O primeiro é a proliferação de SKUs. Uma operação de atendimento com milhares de produtos únicos enfrenta um desafio real ao manter um número suficiente de tamanhos de caixas para corresponder a cada configuração de pedido. Poucos tamanhos demais e as economias diminuem; muitos tamanhos demais e a gestão de estoque se torna um pesadelo. Algumas operações resolvem isso com sistemas de fabricação sob demanda de caixas, que produzem tamanhos personalizados em tempo real, mas esses sistemas têm seus próprios custos de capital. .
O segundo é a compatibilidade com a automação. Nem todo centro de atendimento possui os sistemas de esteiras transportadoras, equipamentos de leitura por código de barras ou integração de software necessários para implementar o dimensionamento dinâmico ideal. A adaptação de uma operação existente pode ser cara e causar grandes interrupções.
O terceiro fator é a fragilidade do produto. Alguns produtos realmente exigem folga e amortecimento adicionais. Um ajuste apertado nem sempre é o ajuste adequado. A otimização das dimensões da embalagem deve equilibrar eficiência dimensional com os requisitos de proteção. O objetivo não é a menor caixa possível, mas sim a menor caixa que ainda garanta a entrega do produto em perfeitas condições.
Começando sem gastar uma fortuna
O caminho para a otimização das dimensões da embalagem não precisa começar com equipamentos automatizados que custam milhões de dólares.
Comece pelos dados. Selecione uma amostra de pedidos recentes e meça a diferença entre as dimensões do produto e as dimensões da caixa. Identifique os piores casos — os pedidos em que a caixa é mais superdimensionada em relação ao produto. Esses são os ganhos mais fáceis de alcançar.

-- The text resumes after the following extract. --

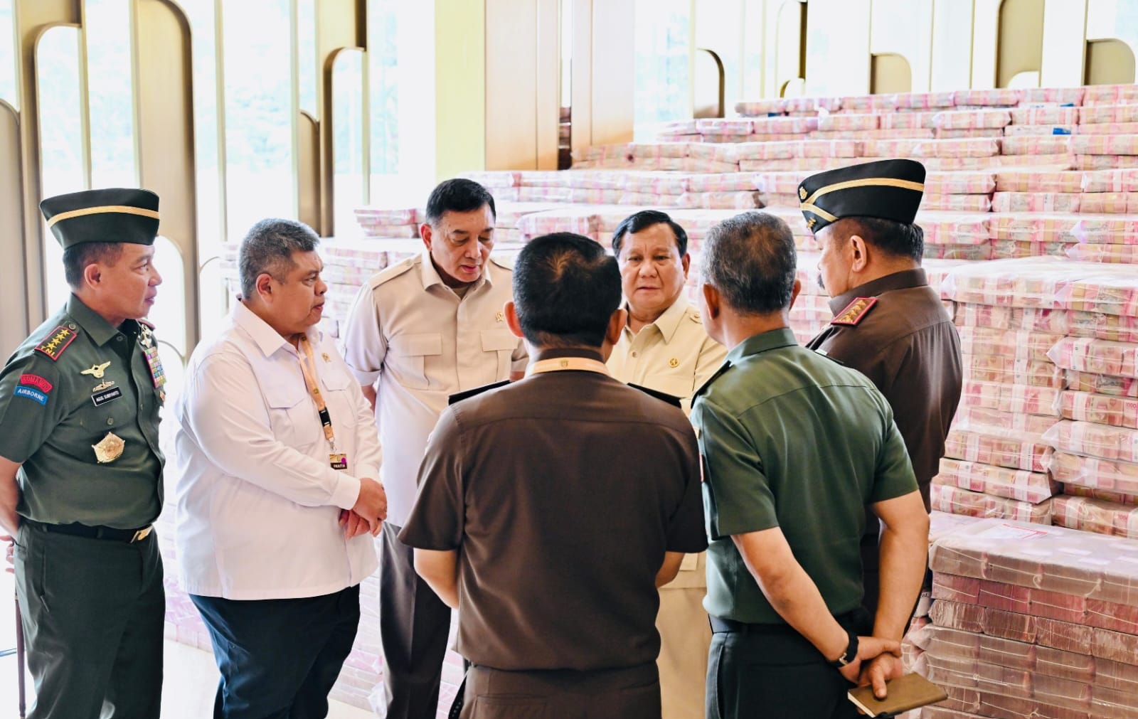 IPNews. Jakarta. Panglima TNI Jenderal TNI Agus Subiyanto mendampingi Presiden Republik Indonesia Prabowo Subianto dalam acara penyerahan uang pengganti kerugian negara sebesar Rp 13.255.244.538.149,00 dari Kejaksaan Agung (Kejagung) kepada Kementerian Keuangan, yang berlangsung di Gedung Utama Kompleks Kejaksaan Agung RI, Jakarta, Senin (20/10/2025). Penyerahan ini merupakan hasil pengungkapan kasus tindak pidana korupsi dalam pemberian fasilitas ekspor Crude Palm Oil (CPO) dan turunannya.

Audite o estoque de caixas. Muitas operações mantêm tamanhos de caixas que foram adicionados anos atrás para produtos específicos que talvez já não constem mais no catálogo. Eliminar tamanhos obsoletos simplifica o estoque e obriga os empacotadores a escolher alternativas mais adequadas.
Teste com um único SKU. Escolha um produto de alto volume, projete uma embalagem mais compacta e realize um projeto piloto. Acompanhe as taxas de danos, o tempo de embalagem e os custos de envio. Compare os resultados com a linha de base. Se o projeto piloto for bem-sucedido, expanda-o para o próximo SKU.

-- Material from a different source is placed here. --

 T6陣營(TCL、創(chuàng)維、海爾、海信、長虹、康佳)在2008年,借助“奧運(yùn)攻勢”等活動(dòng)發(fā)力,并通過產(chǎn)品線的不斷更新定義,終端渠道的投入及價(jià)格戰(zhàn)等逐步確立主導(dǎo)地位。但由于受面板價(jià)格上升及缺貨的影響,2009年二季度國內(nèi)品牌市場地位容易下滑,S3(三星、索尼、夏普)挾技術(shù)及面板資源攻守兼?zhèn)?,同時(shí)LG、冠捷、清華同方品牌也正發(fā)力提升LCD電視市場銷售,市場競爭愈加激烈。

Trabalhe com um fornecedor que compreenda o projeto estrutural de embalagens. Nem todo conversor de papelão ondulado possui capacidade de engenharia para projetar embalagens dimensionadas corretamente, que mantenham o desempenho protetor ao mesmo tempo que reduzem as dimensões. Empresas como a Zoyoo Printing combinam precisão na fabricação com expertise em projeto, produzindo embalagens de papelão ondulado que se ajustam adequadamente aos produtos sem comprometer a proteção ou a durabilidade. O parceiro certo faz toda a diferença entre uma caixa que gera economia e uma caixa que gera economia sem deixar de proteger o conteúdo interno.

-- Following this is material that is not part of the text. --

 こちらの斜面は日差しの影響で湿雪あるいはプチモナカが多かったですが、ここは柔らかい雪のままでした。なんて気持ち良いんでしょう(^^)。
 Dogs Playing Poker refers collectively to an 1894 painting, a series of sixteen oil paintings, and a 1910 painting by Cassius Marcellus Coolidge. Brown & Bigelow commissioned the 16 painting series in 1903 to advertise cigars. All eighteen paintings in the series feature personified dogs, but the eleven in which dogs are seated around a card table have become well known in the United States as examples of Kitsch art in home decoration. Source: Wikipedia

Dimensionamento adequado não se trata de comprimir produtos na menor caixa possível. Trata-se de eliminar o desperdício — desperdício de material, desperdício de espaço, desperdício de frete e desperdício de mão de obra. A economia de 30% é real, mas exige disciplina, dados e disposição para repensar um processo que muitas vezes foi tratado como uma questão secundária. As operações que realizam o trabalho são aquelas que observam os números mudarem.